◆ Records to use
○ ○ ○

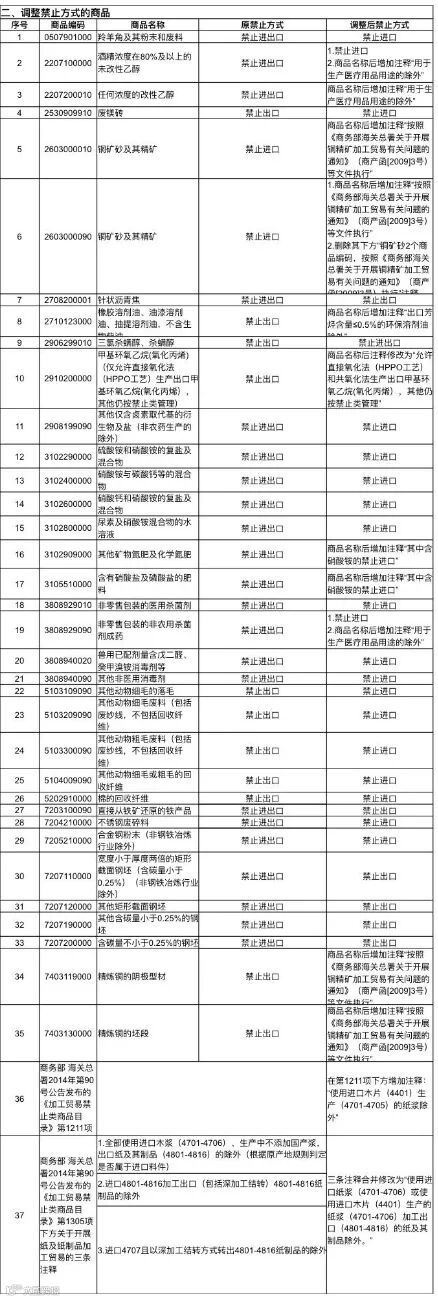 (二)禁止出口调整为禁止进口。
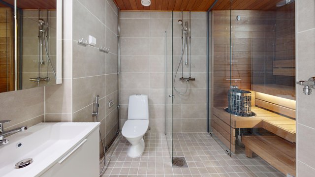 - Lattialämmitys, pesukoneliitäntä, suihku, suihkuseinä, ja wc-istuin
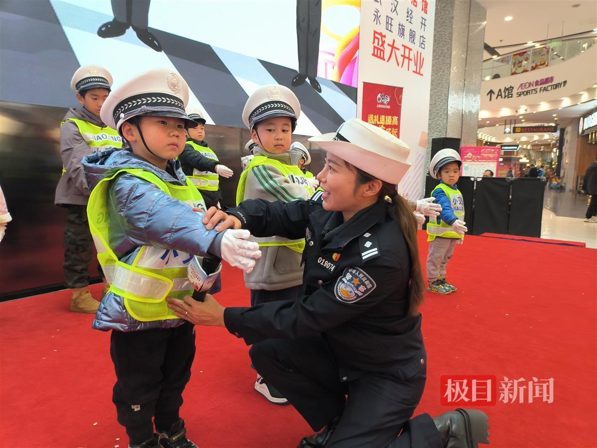 元旦假期,交通安全宣传不打烊。1月1日上午,经开区交通大队来到经开永旺梦乐城,与相关企业共同开展新年交通安全第一课活动。孩子们头戴白色小警帽、身穿黄色小马甲,兴致勃勃地上台做游戏。民警钱春俐通过PPT向孩子和家长、市民宣讲“一盔一带”、交通信号灯等交通安全知识,带领孩子们学习交通安全手势操。
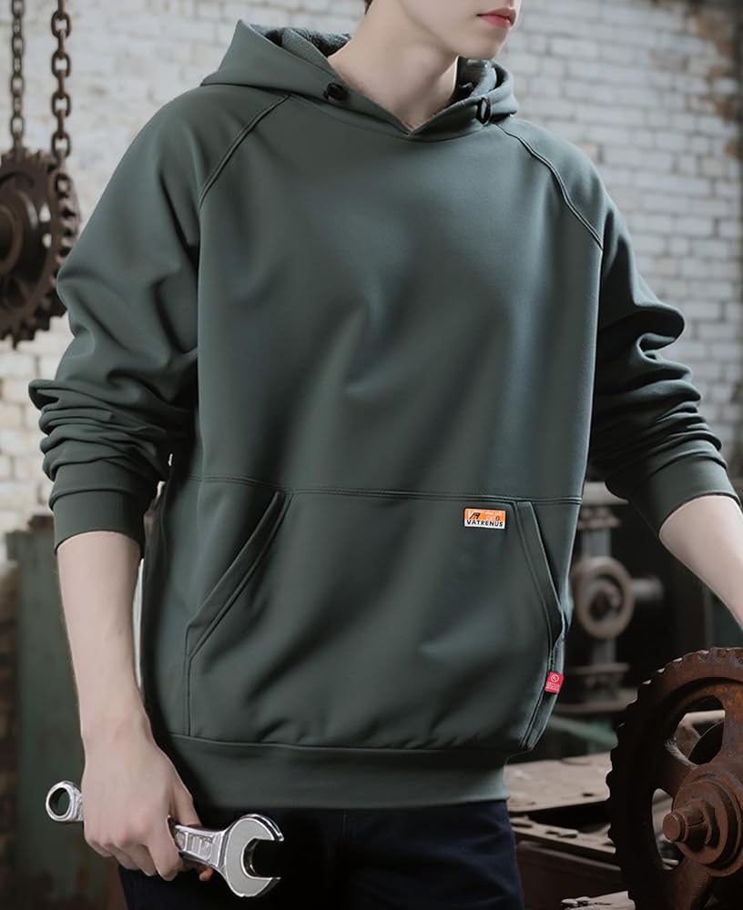 Made by 12oz heavyweight flame resistant cotton fleece fabric,water repellent and oil resistant finish.FR CAT2 tag and UL lable on the pocket.Rib knit cuffs and hem
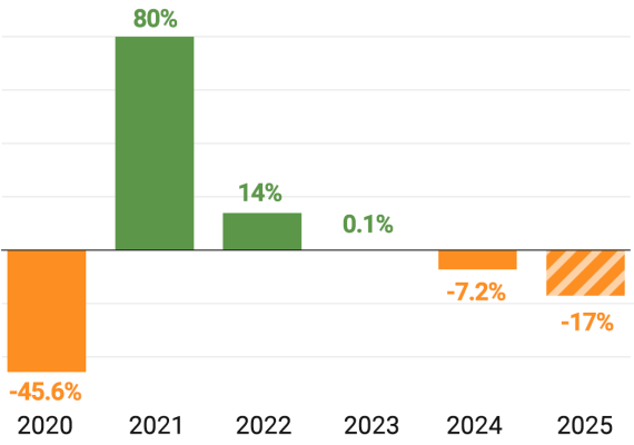 After three consecutive years of recorded growth, these are the first declines since the COVID-19 pandemic.

○ ○ ○

◆ Exercise
Output exactly the lines from the first line of the records through the line containing "Made by 12oz". Leave out every picture.

◆ Solution below
 (二)禁止出口调整为禁止进口。
 - Lattialämmitys, pesukoneliitäntä, suihku, suihkuseinä, ja wc-istuin
 元旦假期,交通安全宣传不打烊。1月1日上午,经开区交通大队来到经开永旺梦乐城,与相关企业共同开展新年交通安全第一课活动。孩子们头戴白色小警帽、身穿黄色小马甲,兴致勃勃地上台做游戏。民警钱春俐通过PPT向孩子和家长、市民宣讲“一盔一带”、交通信号灯等交通安全知识,带领孩子们学习交通安全手势操。
 Made by 12oz heavyweight flame resistant cotton fleece fabric,water repellent and oil resistant finish.FR CAT2 tag and UL lable on the pocket.Rib knit cuffs and hem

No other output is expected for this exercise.